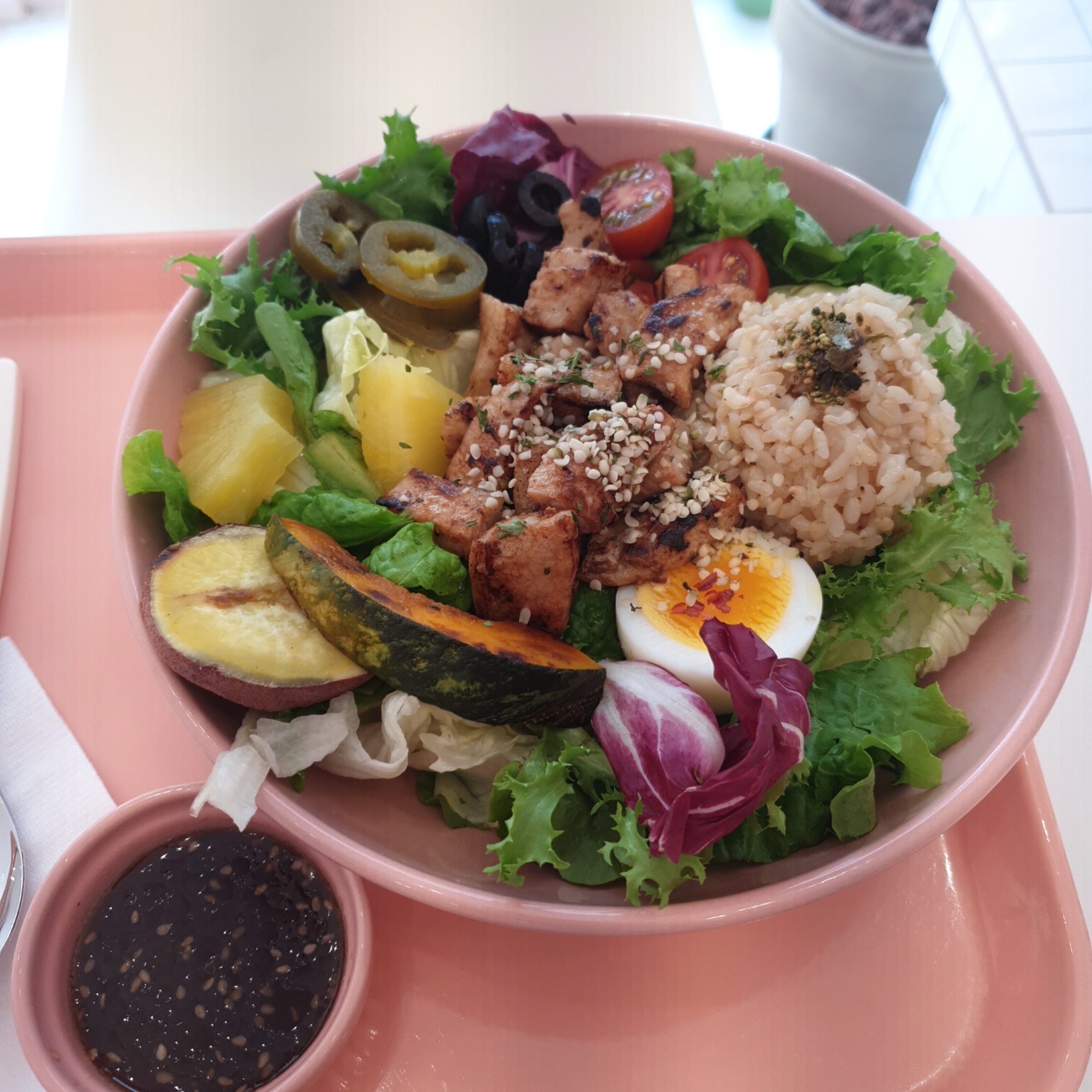 비건을 목표로... (결국 몇일만에 실패헀지만..ㅠ) 한다고 하니 샐러드 집에 가자며 데리고 간 곳인데, 가게 분위기도 핑크핑크 하고 깔끔했고, 무엇보다 음식이 맛있어서 마음에 들었었습니다.
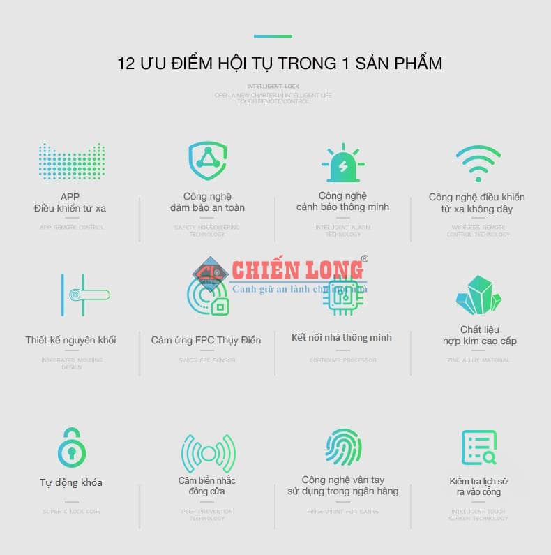 - Công nghệ FPC khi mở khóa Nhận diện vân tay, Định dạng vân tay, Nhiệt độ ngón tay khóa cổng thông minh được tích hợp 3 lớp bảo mật chống sao chép vân tay , Công ty Chiến Long phát triển riêng cho hệ thống khóa cổng vân tay ngoài mục đích bảo vệ an toàn cho gia chủ nhà và bảo đảm an ninh chặt chẽ bảo mật tối đa.
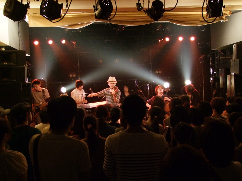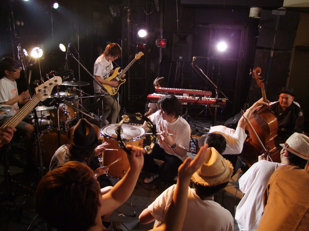 そして、いよいよ本編に入るわけですが、まずはソノダバンドからの出番です。ソノダバンドは6人編成のインストバンドで、バイオリンやチェロをフロントに置いているのが特徴と言えますが、リーダーの園田君がキーボード担当なので、ステージ配置もなかなか特徴的と言えるかもしれません。そして、バイオリンやチェロ…と聞くと、物静かな感じかと思うかもしれないのですが、それよりも相当幅広く、キャッチー且つアゲアゲな曲も多く、むしろバイオリンとチェロの表現の幅を広げているバンドとも思えました。
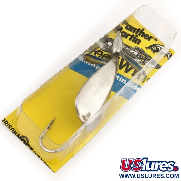 Nikkelafwerkingen zorgen voor een hoogglansprofiel op deze vintage spinner van 1/2 oz (14 g). De Weedless Panther Martin Weed Wing is ontworpen voor zware begroeiing en heeft een kenmerkend druppelvormig blad dat direct door de as is gemonteerd. Dit specifieke exemplaar, gecatalogiseerd onder productcode 11286, bevindt zich in de originele vintage verpakking en is ongebruikt. Met een lengte van 7 cm (2 3/4") is het kunstaas uitgerust met een grote, stevige enkele haak die wordt beschermd door een draadvormige wierbeschermer om vastlopen in dichte vegetatie te voorkomen. De geel-blauwe kaart identificeert het als een product van Harrison-Hoge Industries, voorzien van de iconische Panther Martin-branding en Italiaanse herkomst. De achterzijde van de verpakking bevat een Prop 65-waarschuwing en de contactgegevens van het bedrijf in Port Jefferson, NY. Deze klassieker behoudt zijn glanzende metalen oppervlakken en de integriteit van de originele hardware.
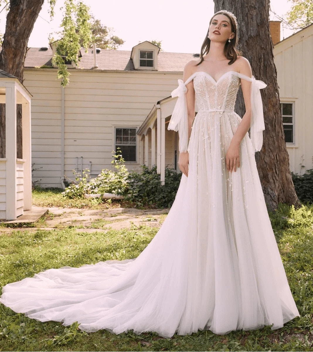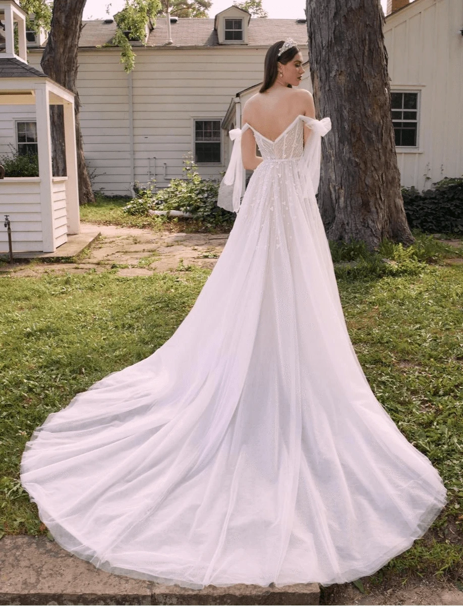 The wedding dress sample sale includes ball gowns with their romantic, voluminous skirts, figure-hugging mermaid styles that create drama, and universally flattering A-line dresses with their soft, flowing structure. For the modern bride, we offer sleek sheath dresses and fit and flare styles that balance fitted elegance with playful movement. Scoop necklines provide a timeless, feminine look, while sweetheart and off the shoulder styles highlight your décolletage beautifully.
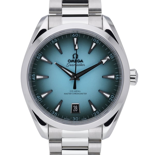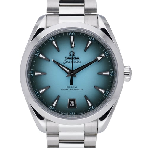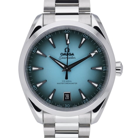 Discover refined versatility with the Omega Aqua Terra 150 M, Model 220.10.41.21.03.006. Crafted in 2025, this 41mm stainless steel timepiece features a smooth bezel, a striking turquoise blue and black baton dial, and a sapphire crystal for superb clarity and durability. Its automatic movement delivers reliable everyday performance, while the matching steel bracelet with a secure folding clasp ensures comfort and confidence on the wrist. Presented in excellent condition, this watch is supplied with its original box and papers. It includes a 5-year manufacturer’s warranty running from the date of manufacture (2025). Enjoy next day delivery and our 14-day return policy for added peace of mind. BQ Ref: 51969.
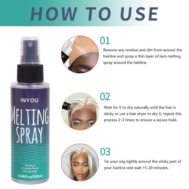 - 【Effortless Lace Melting:】Our lace melting spray for wig gives you long-lasting results, ensuring a flawless hairline. Use it after your glue installation for optimal results and enjoy a mess-free application that eliminates the sticky residue often found with traditional wig glues. Experience a hassle-free wig installation every time!
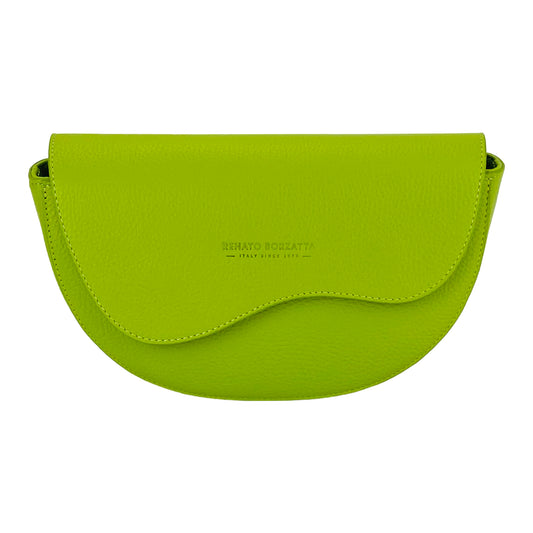RB1027AD | Women's rounded crossbody bag in genuine leather Made in Italy. Removable and adjustable leather shoulder strap. Accessories Polished Nickel - Lime color - Dimensions: 25 x 15 x 9 cm
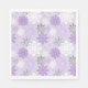 Los fiestas comen con estilo con estas servilletas de papel con temática de copos de nieve de invierno, con un patrón de copos de nieve morado, blanco y purpurina de plata.
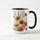 Släng din favoritdryck i stil med det Boho-inspirerade mugg, med handdragna solblommor, daisy och poppies som är sammanflätade med geometrisk stambaserad mönster i varma jordnära nyanser som terracotta, bränd orange och oliv grönt. Perfekt för att lägga till en vintage, fri hand i kök eller på kontoret. Högupplöst botaniskt verk som är designat endast för utskrift på begäran.
===
Task description: Find the line containing "- 【Effortless Lace" in the listing above. Please restate word for word that line through the last one, leaving out the pictures.

Output for this task:
 - 【Effortless Lace Melting:】Our lace melting spray for wig gives you long-lasting results, ensuring a flawless hairline. Use it after your glue installation for optimal results and enjoy a mess-free application that eliminates the sticky residue often found with traditional wig glues. Experience a hassle-free wig installation every time!
RB1027AD | Women's rounded crossbody bag in genuine leather Made in Italy. Removable and adjustable leather shoulder strap. Accessories Polished Nickel - Lime color - Dimensions: 25 x 15 x 9 cm
 Los fiestas comen con estilo con estas servilletas de papel con temática de copos de nieve de invierno, con un patrón de copos de nieve morado, blanco y purpurina de plata.
 Släng din favoritdryck i stil med det Boho-inspirerade mugg, med handdragna solblommor, daisy och poppies som är sammanflätade med geometrisk stambaserad mönster i varma jordnära nyanser som terracotta, bränd orange och oliv grönt. Perfekt för att lägga till en vintage, fri hand i kök eller på kontoret. Högupplöst botaniskt verk som är designat endast för utskrift på begäran.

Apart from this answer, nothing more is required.